What needs to be done: Down to the last line, set down the material below exactly, excluding pictures.

***** Given data *****

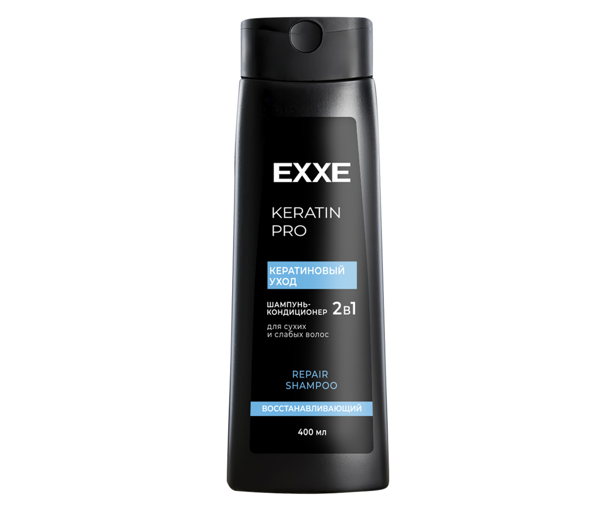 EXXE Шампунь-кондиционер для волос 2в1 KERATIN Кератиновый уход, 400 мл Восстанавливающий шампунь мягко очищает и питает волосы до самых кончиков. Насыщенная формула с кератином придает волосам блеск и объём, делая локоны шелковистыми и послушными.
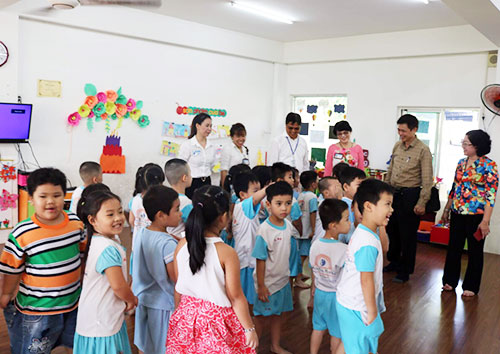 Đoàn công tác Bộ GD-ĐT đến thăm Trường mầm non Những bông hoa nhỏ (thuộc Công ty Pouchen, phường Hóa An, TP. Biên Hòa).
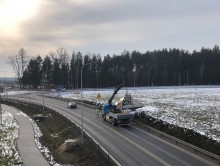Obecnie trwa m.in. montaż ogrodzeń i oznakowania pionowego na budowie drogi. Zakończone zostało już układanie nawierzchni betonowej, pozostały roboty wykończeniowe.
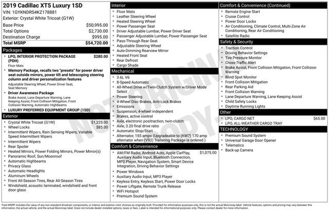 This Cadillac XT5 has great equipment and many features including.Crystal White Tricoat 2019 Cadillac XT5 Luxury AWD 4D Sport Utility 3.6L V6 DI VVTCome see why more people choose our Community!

*****

Task output:
 EXXE Шампунь-кондиционер для волос 2в1 KERATIN Кератиновый уход, 400 мл Восстанавливающий шампунь мягко очищает и питает волосы до самых кончиков. Насыщенная формула с кератином придает волосам блеск и объём, делая локоны шелковистыми и послушными.
 Đoàn công tác Bộ GD-ĐT đến thăm Trường mầm non Những bông hoa nhỏ (thuộc Công ty Pouchen, phường Hóa An, TP. Biên Hòa).
Obecnie trwa m.in. montaż ogrodzeń i oznakowania pionowego na budowie drogi. Zakończone zostało już układanie nawierzchni betonowej, pozostały roboty wykończeniowe.
 This Cadillac XT5 has great equipment and many features including.Crystal White Tricoat 2019 Cadillac XT5 Luxury AWD 4D Sport Utility 3.6L V6 DI VVTCome see why more people choose our Community!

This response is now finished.